What is expected >>
Transcribe each entry exactly, without pictures.

*** Provided material ***

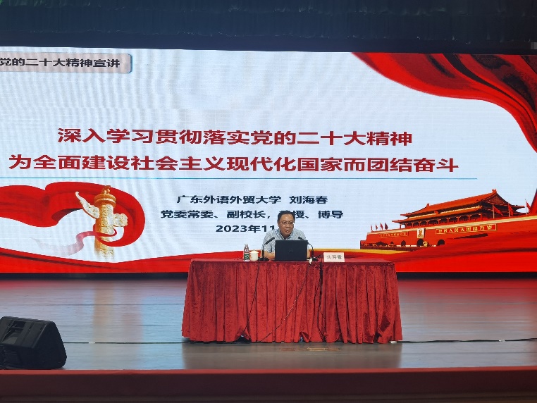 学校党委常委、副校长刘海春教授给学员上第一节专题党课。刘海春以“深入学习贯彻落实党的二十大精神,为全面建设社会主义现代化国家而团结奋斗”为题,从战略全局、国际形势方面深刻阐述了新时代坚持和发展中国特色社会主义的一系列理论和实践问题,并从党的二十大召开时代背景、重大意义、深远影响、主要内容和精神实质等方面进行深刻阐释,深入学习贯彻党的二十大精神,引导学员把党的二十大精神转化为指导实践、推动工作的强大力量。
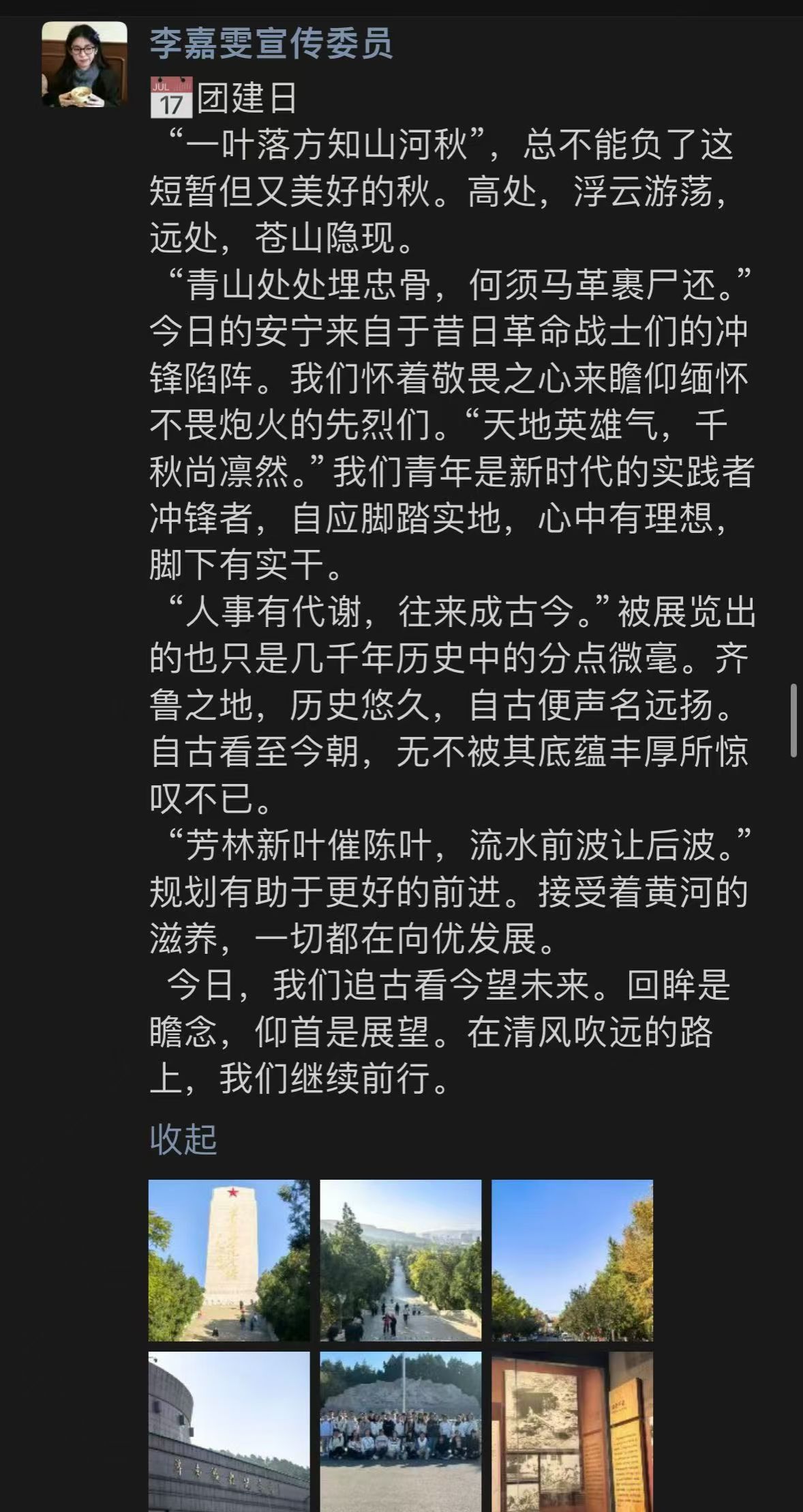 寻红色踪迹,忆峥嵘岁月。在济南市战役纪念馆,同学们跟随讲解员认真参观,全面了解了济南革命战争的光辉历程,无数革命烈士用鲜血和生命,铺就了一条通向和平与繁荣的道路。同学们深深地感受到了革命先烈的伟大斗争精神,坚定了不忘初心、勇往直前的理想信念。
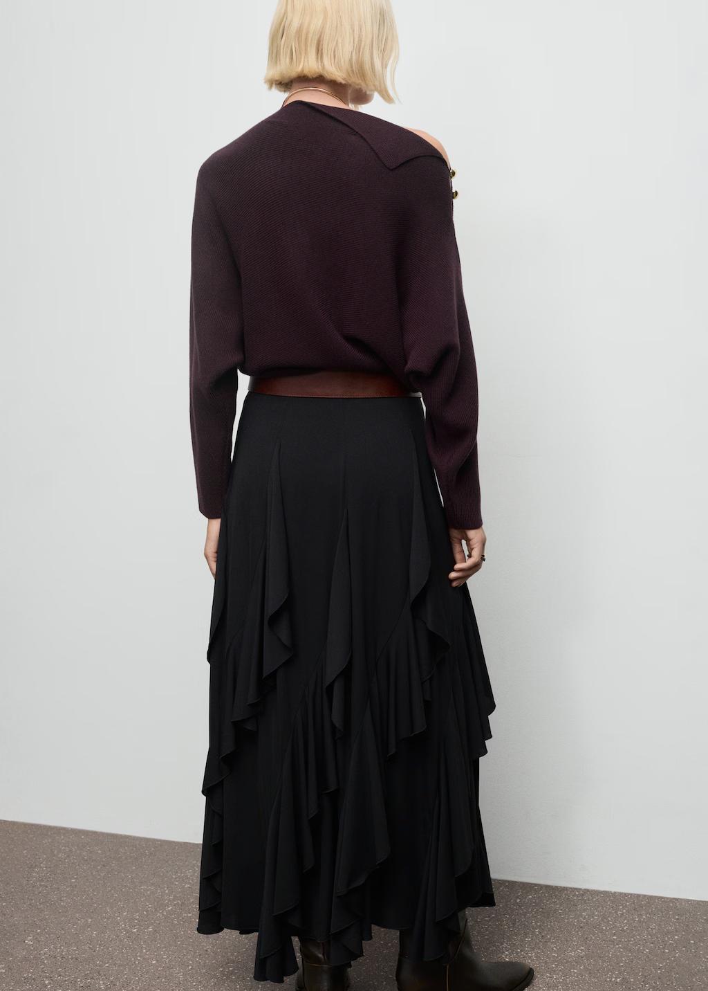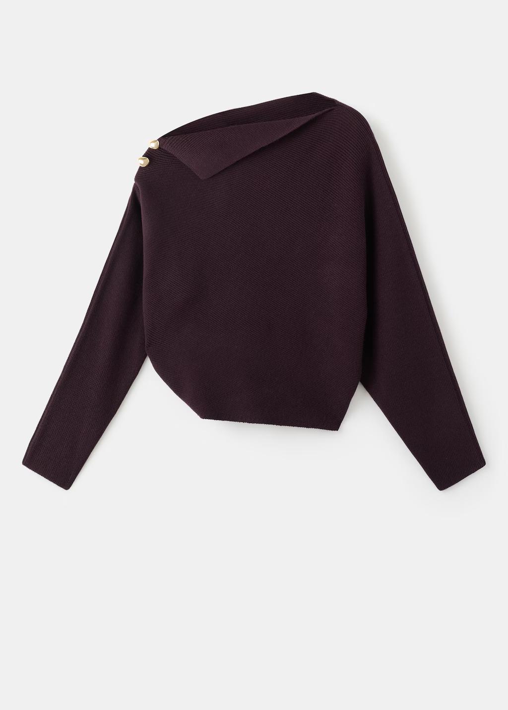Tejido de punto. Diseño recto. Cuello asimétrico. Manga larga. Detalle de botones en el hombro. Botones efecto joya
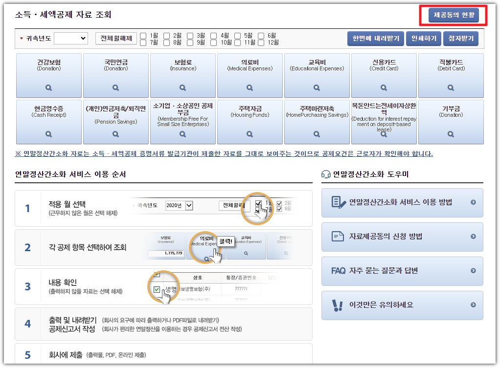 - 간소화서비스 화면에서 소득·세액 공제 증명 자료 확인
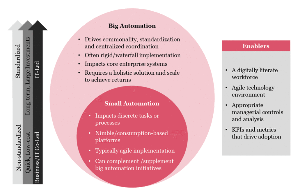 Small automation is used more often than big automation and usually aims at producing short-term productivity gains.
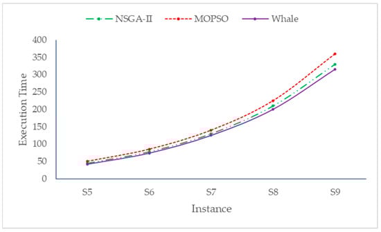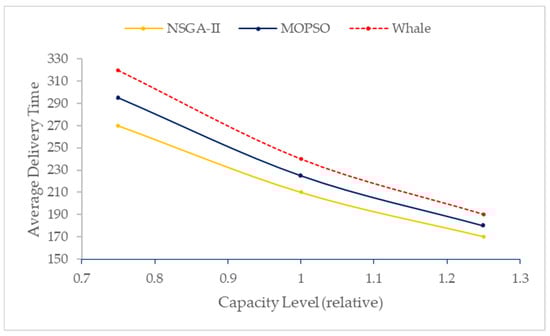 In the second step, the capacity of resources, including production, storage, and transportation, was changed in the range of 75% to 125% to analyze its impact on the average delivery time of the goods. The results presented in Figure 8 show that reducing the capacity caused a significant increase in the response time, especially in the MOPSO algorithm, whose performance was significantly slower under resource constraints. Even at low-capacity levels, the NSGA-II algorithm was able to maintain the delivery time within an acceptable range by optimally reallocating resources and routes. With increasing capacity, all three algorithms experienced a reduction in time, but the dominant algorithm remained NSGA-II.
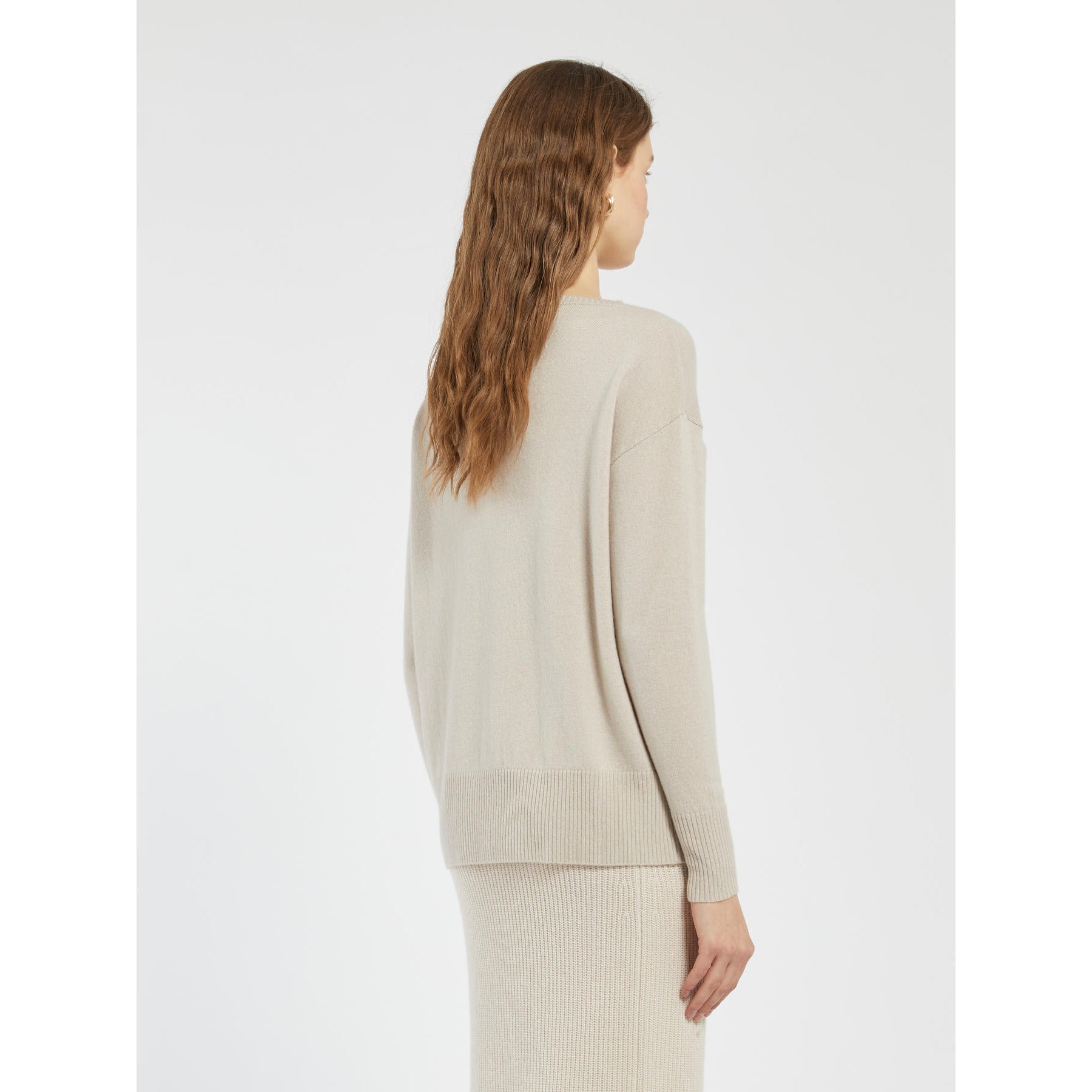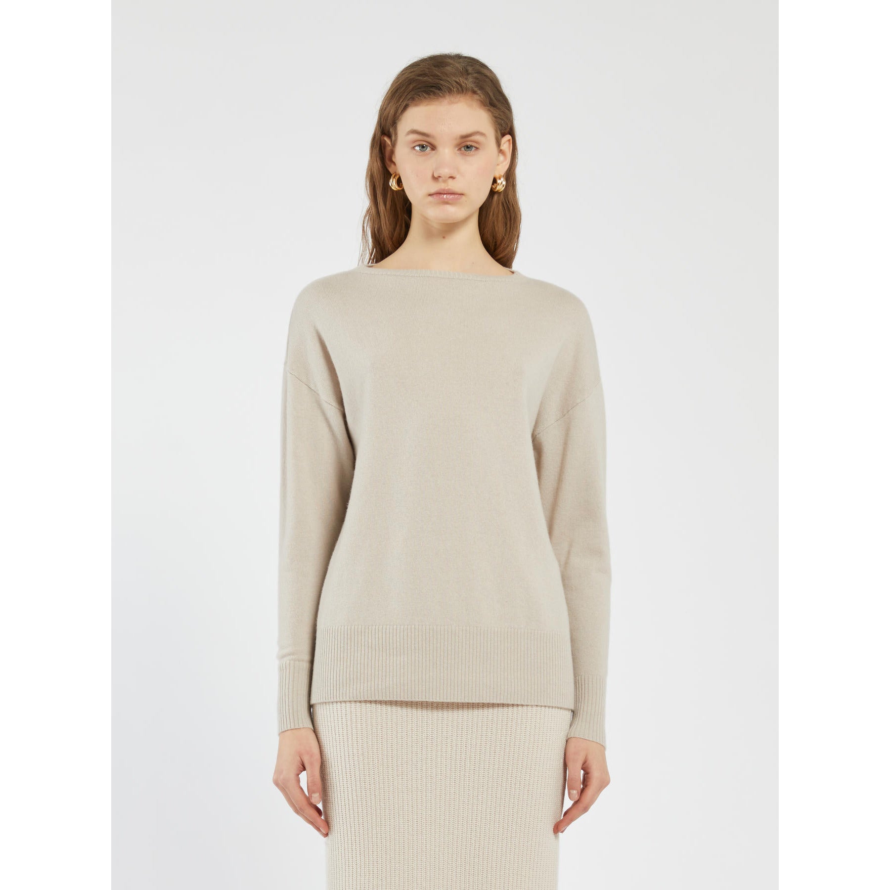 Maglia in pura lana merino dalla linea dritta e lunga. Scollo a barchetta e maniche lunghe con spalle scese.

***

Task response >>
 学校党委常委、副校长刘海春教授给学员上第一节专题党课。刘海春以“深入学习贯彻落实党的二十大精神,为全面建设社会主义现代化国家而团结奋斗”为题,从战略全局、国际形势方面深刻阐述了新时代坚持和发展中国特色社会主义的一系列理论和实践问题,并从党的二十大召开时代背景、重大意义、深远影响、主要内容和精神实质等方面进行深刻阐释,深入学习贯彻党的二十大精神,引导学员把党的二十大精神转化为指导实践、推动工作的强大力量。
 寻红色踪迹,忆峥嵘岁月。在济南市战役纪念馆,同学们跟随讲解员认真参观,全面了解了济南革命战争的光辉历程,无数革命烈士用鲜血和生命,铺就了一条通向和平与繁荣的道路。同学们深深地感受到了革命先烈的伟大斗争精神,坚定了不忘初心、勇往直前的理想信念。
Tejido de punto. Diseño recto. Cuello asimétrico. Manga larga. Detalle de botones en el hombro. Botones efecto joya
 - 간소화서비스 화면에서 소득·세액 공제 증명 자료 확인
 Small automation is used more often than big automation and usually aims at producing short-term productivity gains.
 In the second step, the capacity of resources, including production, storage, and transportation, was changed in the range of 75% to 125% to analyze its impact on the average delivery time of the goods. The results presented in Figure 8 show that reducing the capacity caused a significant increase in the response time, especially in the MOPSO algorithm, whose performance was significantly slower under resource constraints. Even at low-capacity levels, the NSGA-II algorithm was able to maintain the delivery time within an acceptable range by optimally reallocating resources and routes. With increasing capacity, all three algorithms experienced a reduction in time, but the dominant algorithm remained NSGA-II.
 Maglia in pura lana merino dalla linea dritta e lunga. Scollo a barchetta e maniche lunghe con spalle scese.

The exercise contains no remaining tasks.